> WHAT IS NEEDED
The reply must contain exactly the lines below from the one with "Australian Bureau of" down to the one with "Más de 200 trabajadores", both included, and nothing more; please omit the pictures.
(Beginning of SUPPLIED MATERIAL)
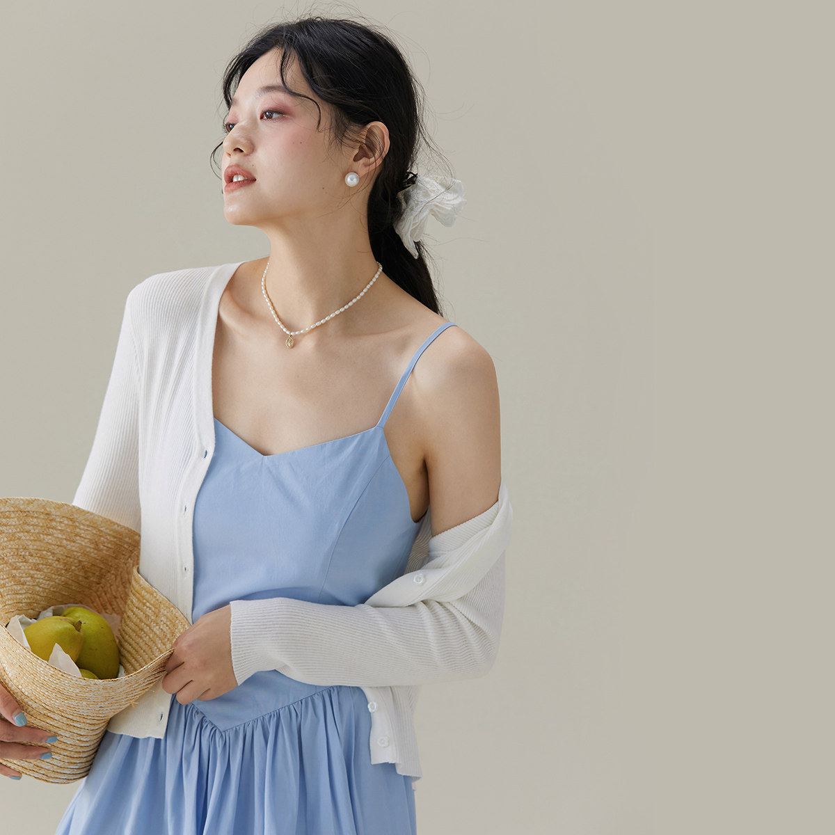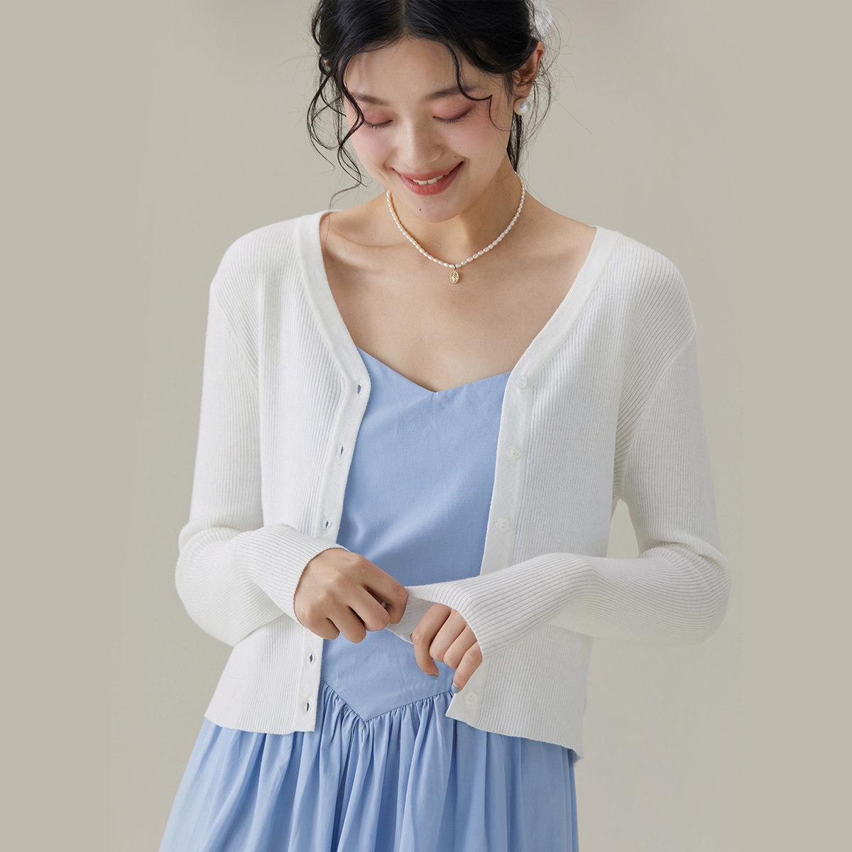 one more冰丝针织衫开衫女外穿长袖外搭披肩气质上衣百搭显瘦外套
(End of SUPPLIED MATERIAL)
(Beginning of SUPPLIED MATERIAL)
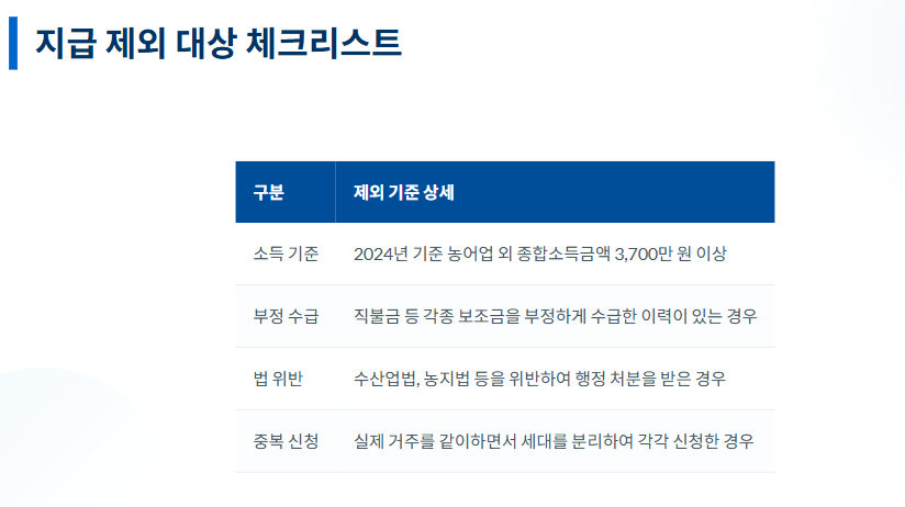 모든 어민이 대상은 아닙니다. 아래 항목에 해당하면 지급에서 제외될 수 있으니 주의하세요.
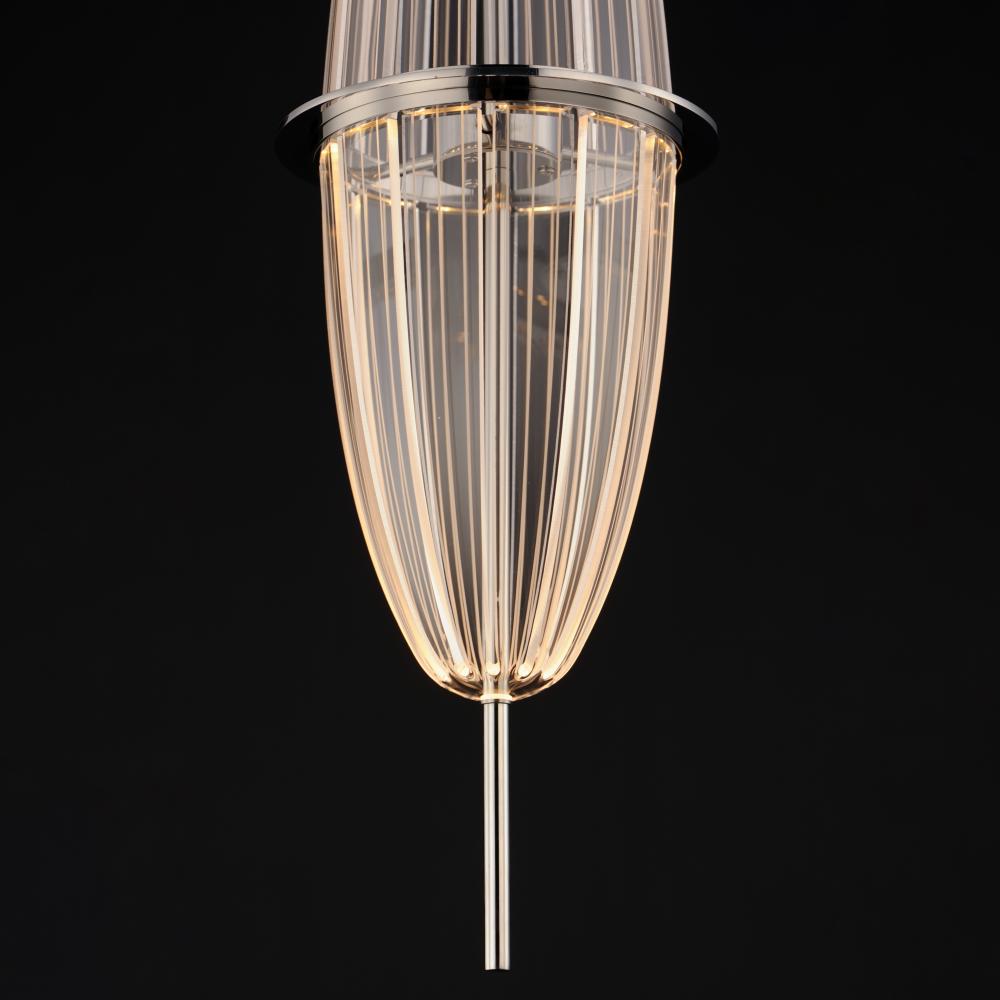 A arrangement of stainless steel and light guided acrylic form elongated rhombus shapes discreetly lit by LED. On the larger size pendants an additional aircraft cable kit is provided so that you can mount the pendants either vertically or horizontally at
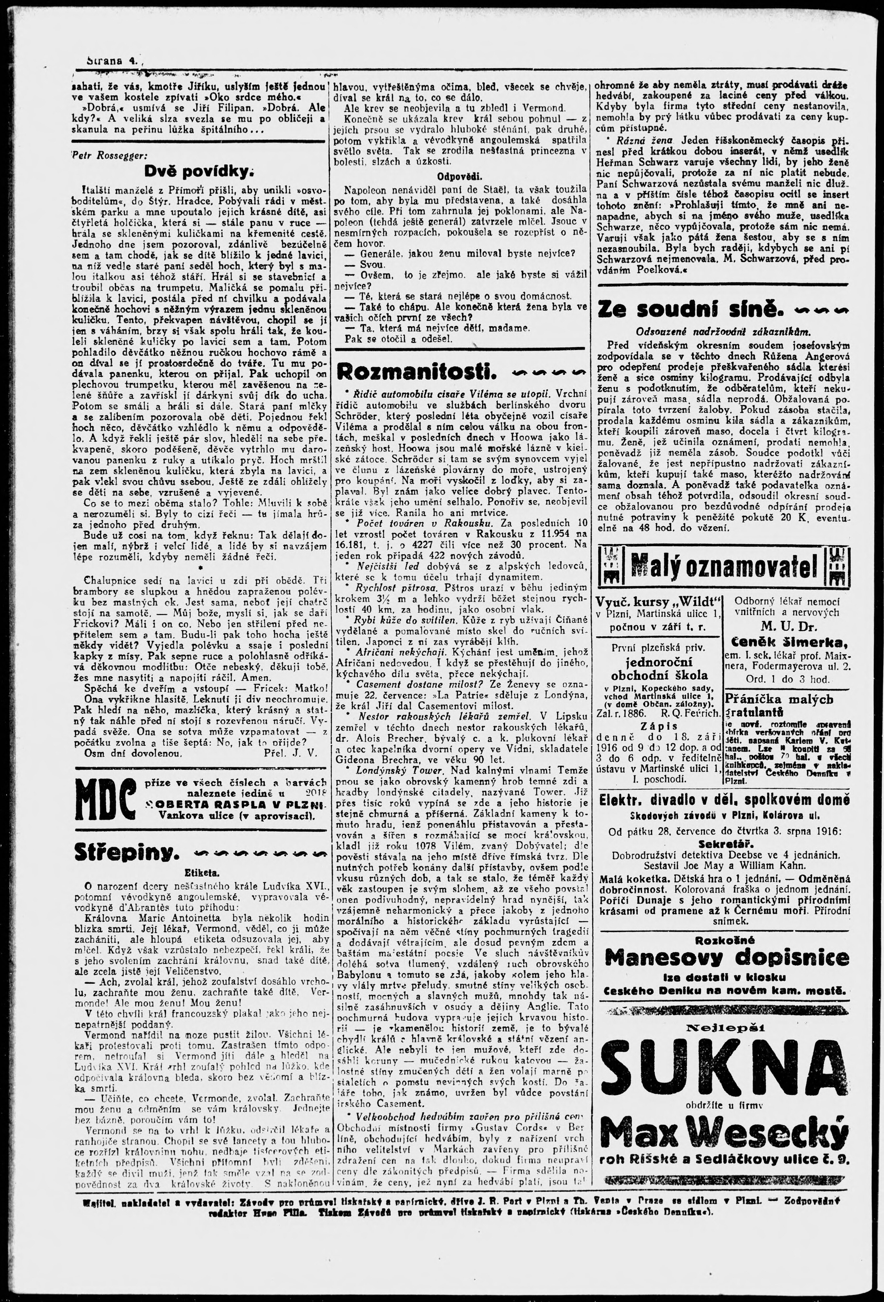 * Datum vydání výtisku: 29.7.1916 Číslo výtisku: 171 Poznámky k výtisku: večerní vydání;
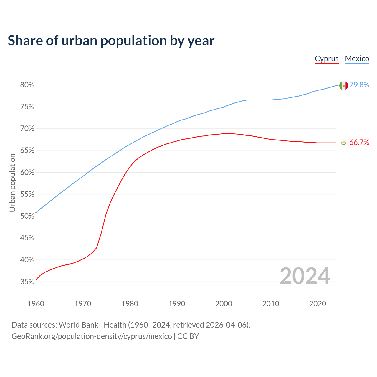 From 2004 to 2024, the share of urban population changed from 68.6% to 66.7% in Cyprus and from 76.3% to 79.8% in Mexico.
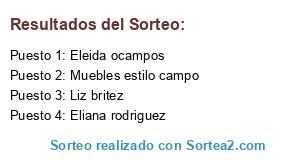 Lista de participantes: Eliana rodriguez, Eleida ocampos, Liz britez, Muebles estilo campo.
(End of SUPPLIED MATERIAL)
(Beginning of SUPPLIED MATERIAL)
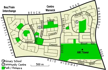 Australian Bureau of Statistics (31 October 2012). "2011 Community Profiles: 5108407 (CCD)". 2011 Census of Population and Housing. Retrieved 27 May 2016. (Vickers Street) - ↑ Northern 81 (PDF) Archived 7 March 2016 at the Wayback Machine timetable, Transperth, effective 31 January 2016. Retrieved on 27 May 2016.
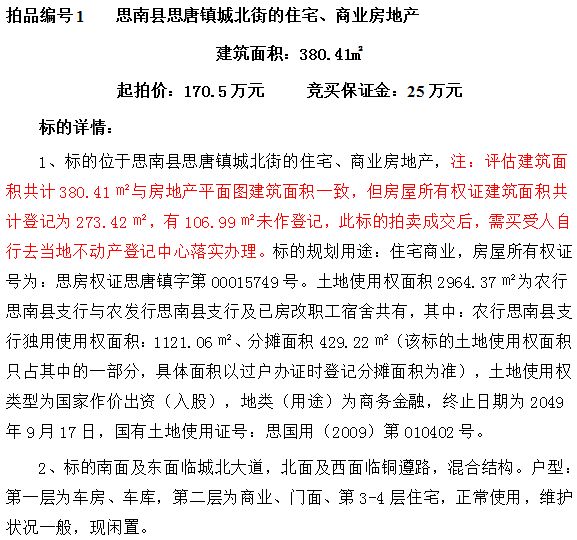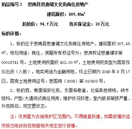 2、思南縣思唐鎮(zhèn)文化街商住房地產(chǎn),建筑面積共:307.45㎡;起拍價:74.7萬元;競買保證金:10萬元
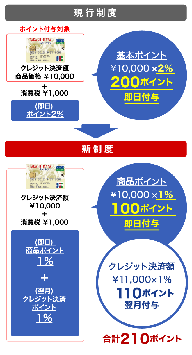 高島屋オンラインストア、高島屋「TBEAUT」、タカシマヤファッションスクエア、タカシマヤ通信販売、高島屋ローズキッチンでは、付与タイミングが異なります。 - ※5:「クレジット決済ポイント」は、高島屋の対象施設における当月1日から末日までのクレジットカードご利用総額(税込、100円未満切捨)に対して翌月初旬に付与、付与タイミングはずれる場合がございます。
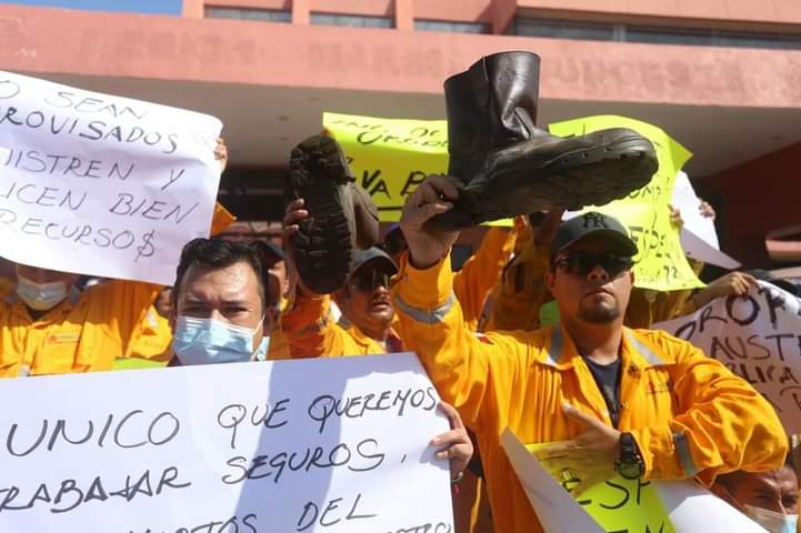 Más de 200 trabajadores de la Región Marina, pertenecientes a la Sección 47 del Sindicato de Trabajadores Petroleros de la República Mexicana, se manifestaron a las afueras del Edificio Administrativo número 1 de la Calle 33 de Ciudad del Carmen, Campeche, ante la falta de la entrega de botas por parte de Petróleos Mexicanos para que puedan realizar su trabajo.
(End of SUPPLIED MATERIAL)
> TASK ANSWER
 Australian Bureau of Statistics (31 October 2012). "2011 Community Profiles: 5108407 (CCD)". 2011 Census of Population and Housing. Retrieved 27 May 2016. (Vickers Street) - ↑ Northern 81 (PDF) Archived 7 March 2016 at the Wayback Machine timetable, Transperth, effective 31 January 2016. Retrieved on 27 May 2016.
 2、思南縣思唐鎮(zhèn)文化街商住房地產(chǎn),建筑面積共:307.45㎡;起拍價:74.7萬元;競買保證金:10萬元
 高島屋オンラインストア、高島屋「TBEAUT」、タカシマヤファッションスクエア、タカシマヤ通信販売、高島屋ローズキッチンでは、付与タイミングが異なります。 - ※5:「クレジット決済ポイント」は、高島屋の対象施設における当月1日から末日までのクレジットカードご利用総額(税込、100円未満切捨)に対して翌月初旬に付与、付与タイミングはずれる場合がございます。
 Más de 200 trabajadores de la Región Marina, pertenecientes a la Sección 47 del Sindicato de Trabajadores Petroleros de la República Mexicana, se manifestaron a las afueras del Edificio Administrativo número 1 de la Calle 33 de Ciudad del Carmen, Campeche, ante la falta de la entrega de botas por parte de Petróleos Mexicanos para que puedan realizar su trabajo.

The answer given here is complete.